Extracted data entries:
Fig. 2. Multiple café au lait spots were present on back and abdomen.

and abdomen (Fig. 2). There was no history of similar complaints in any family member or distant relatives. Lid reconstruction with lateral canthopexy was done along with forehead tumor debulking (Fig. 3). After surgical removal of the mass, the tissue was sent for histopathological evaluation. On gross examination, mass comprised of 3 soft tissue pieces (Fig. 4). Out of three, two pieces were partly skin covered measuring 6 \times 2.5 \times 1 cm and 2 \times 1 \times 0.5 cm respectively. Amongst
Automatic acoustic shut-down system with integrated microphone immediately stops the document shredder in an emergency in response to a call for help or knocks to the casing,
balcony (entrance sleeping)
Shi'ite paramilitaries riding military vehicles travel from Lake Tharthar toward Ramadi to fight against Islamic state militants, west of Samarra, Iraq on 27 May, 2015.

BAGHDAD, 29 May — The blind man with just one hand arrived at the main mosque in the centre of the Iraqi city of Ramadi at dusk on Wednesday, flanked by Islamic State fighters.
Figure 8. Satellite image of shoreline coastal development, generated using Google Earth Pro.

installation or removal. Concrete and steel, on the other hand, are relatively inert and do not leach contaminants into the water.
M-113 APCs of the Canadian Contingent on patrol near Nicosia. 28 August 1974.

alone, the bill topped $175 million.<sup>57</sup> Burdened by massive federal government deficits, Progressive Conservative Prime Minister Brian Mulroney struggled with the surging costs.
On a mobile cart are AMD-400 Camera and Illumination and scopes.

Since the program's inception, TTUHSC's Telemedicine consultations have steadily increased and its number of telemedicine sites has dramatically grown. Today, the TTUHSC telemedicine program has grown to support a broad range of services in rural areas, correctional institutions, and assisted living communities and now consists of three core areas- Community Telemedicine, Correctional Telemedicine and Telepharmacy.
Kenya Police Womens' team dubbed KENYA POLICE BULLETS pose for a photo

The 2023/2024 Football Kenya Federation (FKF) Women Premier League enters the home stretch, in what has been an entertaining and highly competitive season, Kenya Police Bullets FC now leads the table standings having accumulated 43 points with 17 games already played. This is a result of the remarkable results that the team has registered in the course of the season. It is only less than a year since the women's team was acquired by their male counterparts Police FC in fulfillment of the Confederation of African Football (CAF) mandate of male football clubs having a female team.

# [WORK TO BE COMPLETED]
Print the entire set of records again, exactly.

# [YOUR RESPONSE]
Fig. 2. Multiple café au lait spots were present on back and abdomen.

and abdomen (Fig. 2). There was no history of similar complaints in any family member or distant relatives. Lid reconstruction with lateral canthopexy was done along with forehead tumor debulking (Fig. 3). After surgical removal of the mass, the tissue was sent for histopathological evaluation. On gross examination, mass comprised of 3 soft tissue pieces (Fig. 4). Out of three, two pieces were partly skin covered measuring 6 \times 2.5 \times 1 cm and 2 \times 1 \times 0.5 cm respectively. Amongst
Automatic acoustic shut-down system with integrated microphone immediately stops the document shredder in an emergency in response to a call for help or knocks to the casing,
balcony (entrance sleeping)
Shi'ite paramilitaries riding military vehicles travel from Lake Tharthar toward Ramadi to fight against Islamic state militants, west of Samarra, Iraq on 27 May, 2015.

BAGHDAD, 29 May — The blind man with just one hand arrived at the main mosque in the centre of the Iraqi city of Ramadi at dusk on Wednesday, flanked by Islamic State fighters.
Figure 8. Satellite image of shoreline coastal development, generated using Google Earth Pro.

installation or removal. Concrete and steel, on the other hand, are relatively inert and do not leach contaminants into the water.
M-113 APCs of the Canadian Contingent on patrol near Nicosia. 28 August 1974.

alone, the bill topped $175 million.<sup>57</sup> Burdened by massive federal government deficits, Progressive Conservative Prime Minister Brian Mulroney struggled with the surging costs.
On a mobile cart are AMD-400 Camera and Illumination and scopes.

Since the program's inception, TTUHSC's Telemedicine consultations have steadily increased and its number of telemedicine sites has dramatically grown. Today, the TTUHSC telemedicine program has grown to support a broad range of services in rural areas, correctional institutions, and assisted living communities and now consists of three core areas- Community Telemedicine, Correctional Telemedicine and Telepharmacy.
Kenya Police Womens' team dubbed KENYA POLICE BULLETS pose for a photo

The 2023/2024 Football Kenya Federation (FKF) Women Premier League enters the home stretch, in what has been an entertaining and highly competitive season, Kenya Police Bullets FC now leads the table standings having accumulated 43 points with 17 games already played. This is a result of the remarkable results that the team has registered in the course of the season. It is only less than a year since the women's team was acquired by their male counterparts Police FC in fulfillment of the Confederation of African Football (CAF) mandate of male football clubs having a female team.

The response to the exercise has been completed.